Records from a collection
____
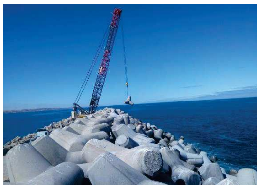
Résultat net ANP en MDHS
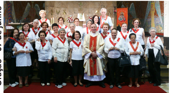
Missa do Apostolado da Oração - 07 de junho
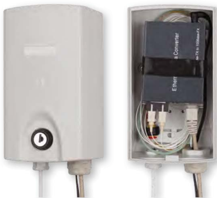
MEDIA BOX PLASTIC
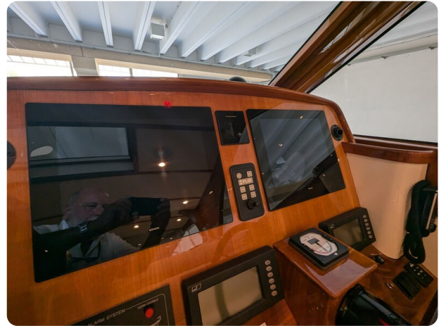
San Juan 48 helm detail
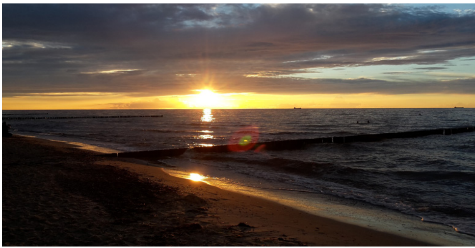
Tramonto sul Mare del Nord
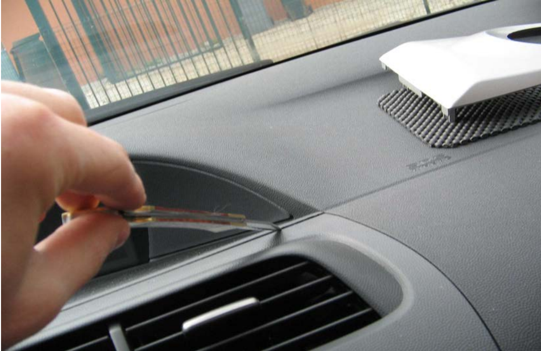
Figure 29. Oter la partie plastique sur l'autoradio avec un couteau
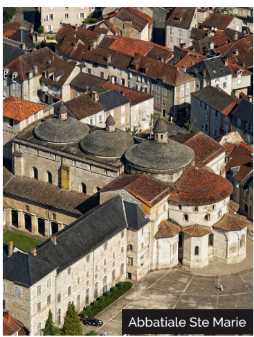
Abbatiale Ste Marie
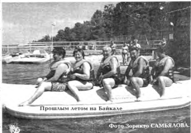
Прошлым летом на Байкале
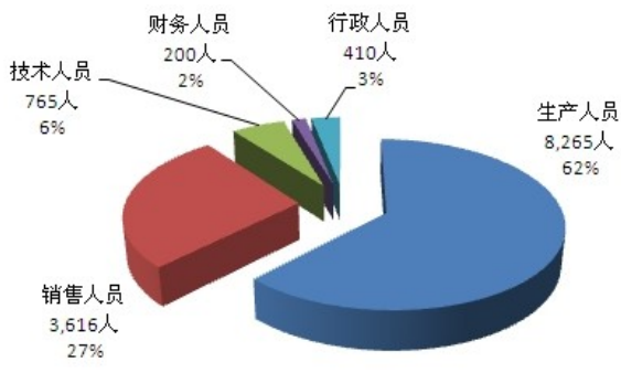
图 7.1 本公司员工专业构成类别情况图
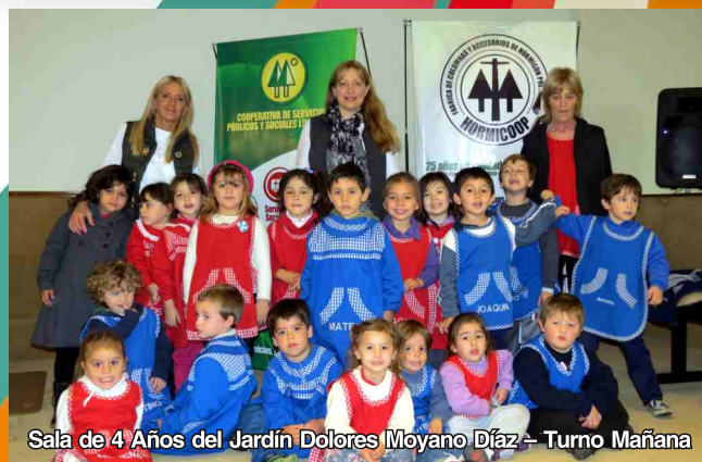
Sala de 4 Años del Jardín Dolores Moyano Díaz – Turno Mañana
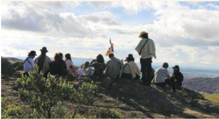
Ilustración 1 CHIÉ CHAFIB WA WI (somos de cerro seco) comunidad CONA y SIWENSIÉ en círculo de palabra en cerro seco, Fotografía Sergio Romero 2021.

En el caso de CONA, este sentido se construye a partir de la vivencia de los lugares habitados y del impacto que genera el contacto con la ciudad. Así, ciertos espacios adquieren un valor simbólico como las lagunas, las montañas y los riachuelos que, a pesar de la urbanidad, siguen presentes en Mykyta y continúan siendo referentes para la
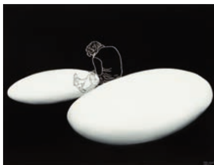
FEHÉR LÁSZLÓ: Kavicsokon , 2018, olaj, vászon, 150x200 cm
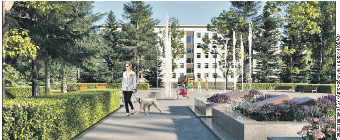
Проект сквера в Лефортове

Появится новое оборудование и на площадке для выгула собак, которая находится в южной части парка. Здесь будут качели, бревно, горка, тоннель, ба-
____
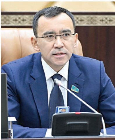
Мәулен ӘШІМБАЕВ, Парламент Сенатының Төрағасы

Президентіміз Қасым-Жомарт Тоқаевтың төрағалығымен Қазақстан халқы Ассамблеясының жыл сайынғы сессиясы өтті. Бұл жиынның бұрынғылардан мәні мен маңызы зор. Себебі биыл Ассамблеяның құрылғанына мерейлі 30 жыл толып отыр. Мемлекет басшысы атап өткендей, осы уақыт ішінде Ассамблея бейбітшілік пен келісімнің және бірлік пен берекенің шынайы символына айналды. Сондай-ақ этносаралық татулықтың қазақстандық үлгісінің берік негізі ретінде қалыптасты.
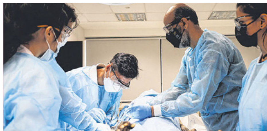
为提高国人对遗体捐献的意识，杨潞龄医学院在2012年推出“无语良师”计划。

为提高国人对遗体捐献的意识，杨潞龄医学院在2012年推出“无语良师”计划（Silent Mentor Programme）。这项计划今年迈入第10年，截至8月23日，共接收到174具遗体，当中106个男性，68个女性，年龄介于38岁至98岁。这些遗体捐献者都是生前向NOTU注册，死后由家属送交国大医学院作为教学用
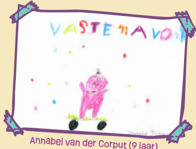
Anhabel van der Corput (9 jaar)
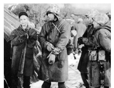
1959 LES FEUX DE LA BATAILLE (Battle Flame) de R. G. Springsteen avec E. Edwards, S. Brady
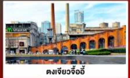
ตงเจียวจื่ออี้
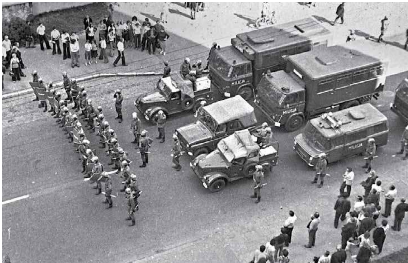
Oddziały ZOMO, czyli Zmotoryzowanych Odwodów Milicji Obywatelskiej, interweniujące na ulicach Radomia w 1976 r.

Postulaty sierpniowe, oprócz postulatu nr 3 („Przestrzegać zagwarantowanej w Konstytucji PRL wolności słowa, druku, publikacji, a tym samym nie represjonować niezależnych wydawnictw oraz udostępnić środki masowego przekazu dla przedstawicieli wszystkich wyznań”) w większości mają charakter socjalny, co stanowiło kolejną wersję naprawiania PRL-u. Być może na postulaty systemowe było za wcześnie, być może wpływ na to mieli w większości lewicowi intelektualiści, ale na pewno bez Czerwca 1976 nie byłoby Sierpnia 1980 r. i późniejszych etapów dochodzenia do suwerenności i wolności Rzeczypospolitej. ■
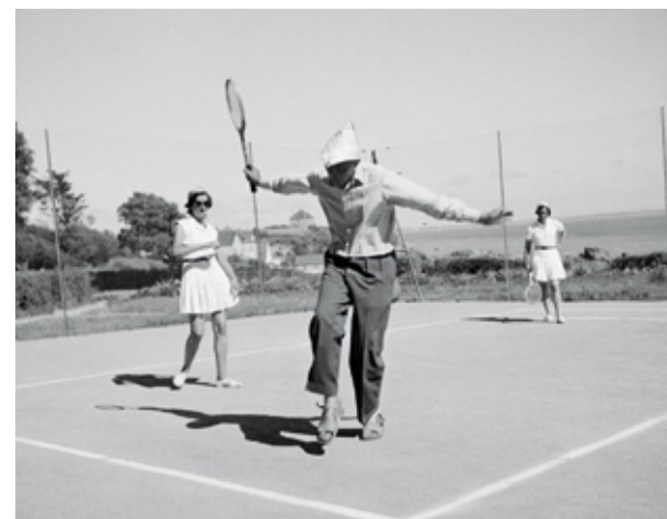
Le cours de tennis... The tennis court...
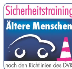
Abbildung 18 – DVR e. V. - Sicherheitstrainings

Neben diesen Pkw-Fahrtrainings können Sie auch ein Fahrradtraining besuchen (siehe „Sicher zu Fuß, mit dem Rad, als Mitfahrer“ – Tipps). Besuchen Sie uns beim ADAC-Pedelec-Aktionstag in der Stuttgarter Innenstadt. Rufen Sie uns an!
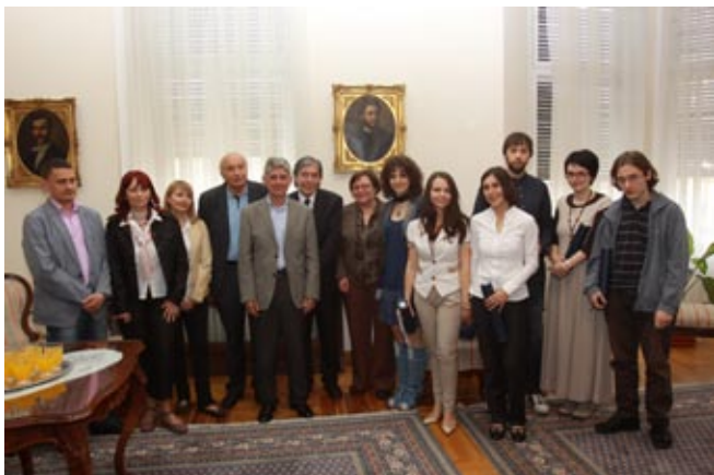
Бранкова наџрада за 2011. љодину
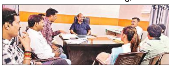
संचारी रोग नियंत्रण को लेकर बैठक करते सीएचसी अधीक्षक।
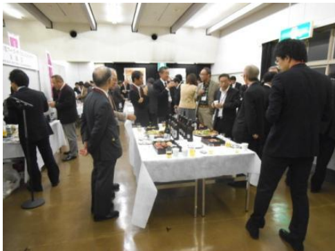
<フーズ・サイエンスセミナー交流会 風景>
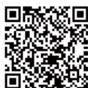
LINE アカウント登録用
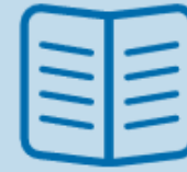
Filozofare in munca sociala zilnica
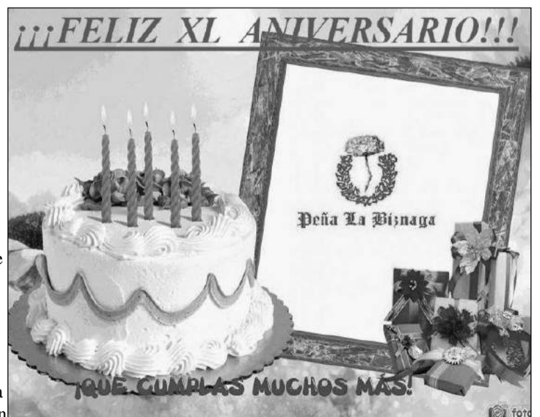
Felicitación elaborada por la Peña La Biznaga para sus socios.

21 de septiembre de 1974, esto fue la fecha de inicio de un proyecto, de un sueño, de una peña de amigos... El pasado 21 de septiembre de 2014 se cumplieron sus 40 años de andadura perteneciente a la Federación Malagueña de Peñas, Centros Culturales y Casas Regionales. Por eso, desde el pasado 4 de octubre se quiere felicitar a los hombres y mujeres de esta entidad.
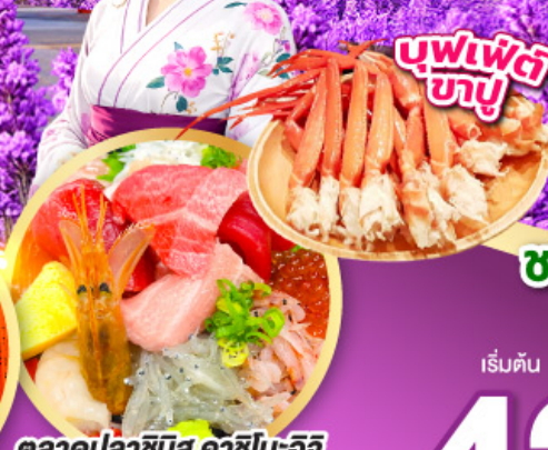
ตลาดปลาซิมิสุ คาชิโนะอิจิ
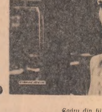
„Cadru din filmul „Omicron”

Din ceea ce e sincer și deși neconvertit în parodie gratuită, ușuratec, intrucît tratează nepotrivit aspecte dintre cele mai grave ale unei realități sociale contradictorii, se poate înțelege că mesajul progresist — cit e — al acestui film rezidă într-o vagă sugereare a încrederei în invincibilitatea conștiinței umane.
____
▸ **Prompt**:
The copy should hold only the lines from the one with "Ilustración 1 CHIÉ" through the one with "Проект сквера в Лефортове", exactly as they stand above. Leave out the pictures.

▸ **Expected answer**:
Ilustración 1 CHIÉ CHAFIB WA WI (somos de cerro seco) comunidad CONA y SIWENSIÉ en círculo de palabra en cerro seco, Fotografía Sergio Romero 2021.

En el caso de CONA, este sentido se construye a partir de la vivencia de los lugares habitados y del impacto que genera el contacto con la ciudad. Así, ciertos espacios adquieren un valor simbólico como las lagunas, las montañas y los riachuelos que, a pesar de la urbanidad, siguen presentes en Mykyta y continúan siendo referentes para la
FEHÉR LÁSZLÓ: Kavicsokon , 2018, olaj, vászon, 150x200 cm
Проект сквера в Лефортове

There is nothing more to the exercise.